I'm about to dive in and see if I can trace what is causing this, but wanted to ask here if anyone with more familiarity with the OAI code might be able to offer some insight.  We are seeing some ORM/database-related performance issues when working on objects that have a large number of relations (eg. http://atom.rula.info/index.php/kodak-canada-inc-2), but this seems like something entirely separate.

On a somewhat unrelated note, I noticed during my profiling that there weren't any indexes on the LFT and RGT columns, so adding some seemed to make a small improvement, so it seems that maybe some table optimization could help?  I've tried various mysqld optimizations, but does anyone have any experience or recommendations for improving database performance for an AtoM instance of this size?

Many thanks in advance,
MJ

suh...@gmail.com

unread,
Sep 4, 2015, 5:38:32 PM9/4/15
to ICA-AtoM Users, suh...@gmail.com
After some poking around this afternoon, I discovered that this has to do with how the QubitOai class and the arOaiPlugin are calling QubitInformationObject::getCollections(), which then iterates through all objects individually to check their ACL -- something that isn't necessary for OAI, since it doesn't have permission levels (and can be restricted via API key).

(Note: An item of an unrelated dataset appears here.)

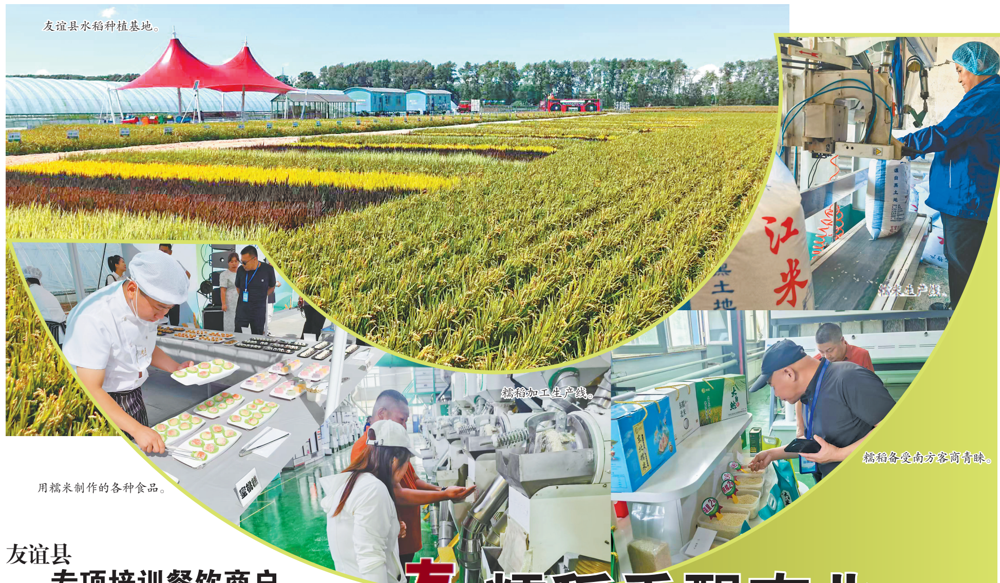
友谊县水稻种植基地。

I've also come across a couple of other areas where the code can be cleaned up and improved, so I'm going to be working on a branch here:

Once there's a pull request, I'll post a reply to this thread with a URL.  I'd still love to hear from anyone regarding database performance improvements.

Cheers,
MJ

Dan Gillean

unread,
Sep 4, 2015, 5:51:02 PM9/4/15
to ICA-AtoM Users
Hi MJ!

Wow, thanks for taking such initiative and for being willing to share it back with the AtoM community! I look forward to seeing what you come up with. You're right that the OAI code does not need to consider all permissions - but publication status should be respected, so an AtoM instance is not exposing draft records to a harvester.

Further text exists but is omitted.